● Activity
From the first line of the data below through the line bearing "Block de dibujo", reproduce each line exactly; do not include pictures.

(Beginning of Information)

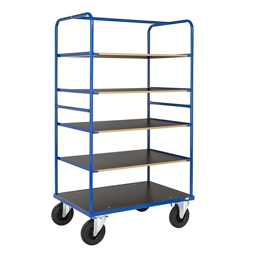 Robust shelf trolley . Available in several sizes and with or without brake. The serie 300 also offers table trolley, shelf trolley, box trolley, end panel trolley and other variants of the platform trolley.
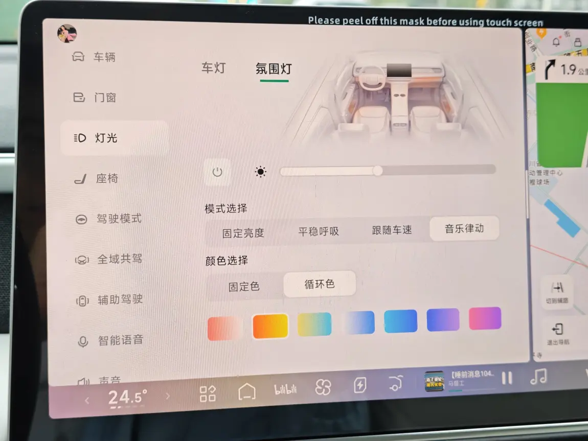 - 颜色选择:我用的是「循环色」,七彩渐变跟着音乐变换,开车的时候看着灯光跟着旋律闪,心情直接起飞
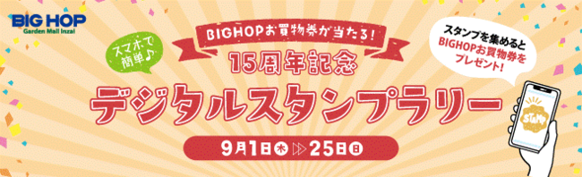 株式会社ギックス(本社:東京都港区、代表取締役CEO:網野知博、以下:当社)は、シービーアールイー株式会社(本社:東京都千代田区、代表取締役社長兼CEO:坂口 英治)が運営する千葉県印西市の「BIGHOPガーデンモール印西」にて、9月1日より開催される買い回りスタンプラリー「15周年記念デジタルスタンプラリー」に、当社が提供する個客選択型スタンプラリー「マイグル」が採用されたことをお知らせいたします。
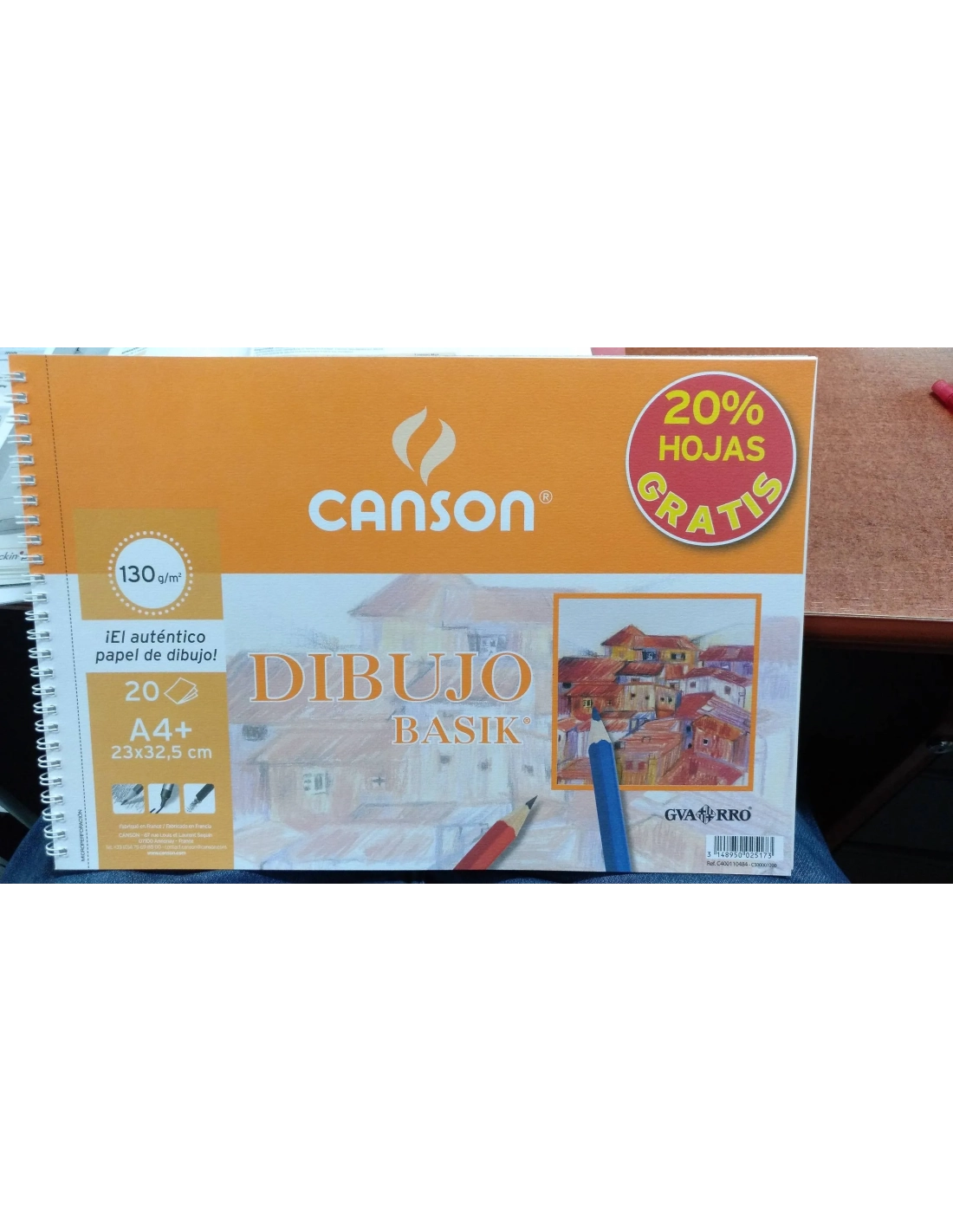 Block de dibujo Basik Canson tamaño A4 plus 230x325 mm 20 hojas +20% hojas gratis de 130 gramos ideal para dibujo.
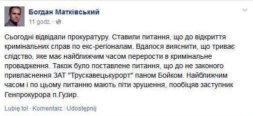 «Відвідали Генеральну прокуратуру. Ставили питання щодо відкриття кримінальних справ по екс-регіоналам. Вдалося вияснити, що триває слідство, яке має найближчим часом перерости в кримінальне провадження. Також було поставлене питання щодо незаконного привласнення ЗАТ “Трускавецькурорт” паном Бойком. Найближчим часом і по цьому питанню мають піти зрушення, пообіцяв заступник Генпрокурора п. Гузир», – поділився інформацією на своїй сторінці в мережі Фейсбук народний депутат від Дрогобиччини Богдан Матківський. Судячи з запису, зустріч в Генеральній прокуратурі України, де піднімалося і питання «Трускавецькурорту», відбулася в четвер, 23 квітня.

(End of Information)

● Response to this exercise
 Robust shelf trolley . Available in several sizes and with or without brake. The serie 300 also offers table trolley, shelf trolley, box trolley, end panel trolley and other variants of the platform trolley.
 - 颜色选择:我用的是「循环色」,七彩渐变跟着音乐变换,开车的时候看着灯光跟着旋律闪,心情直接起飞
 株式会社ギックス(本社:東京都港区、代表取締役CEO:網野知博、以下:当社)は、シービーアールイー株式会社(本社:東京都千代田区、代表取締役社長兼CEO:坂口 英治)が運営する千葉県印西市の「BIGHOPガーデンモール印西」にて、9月1日より開催される買い回りスタンプラリー「15周年記念デジタルスタンプラリー」に、当社が提供する個客選択型スタンプラリー「マイグル」が採用されたことをお知らせいたします。
 Block de dibujo Basik Canson tamaño A4 plus 230x325 mm 20 hojas +20% hojas gratis de 130 gramos ideal para dibujo.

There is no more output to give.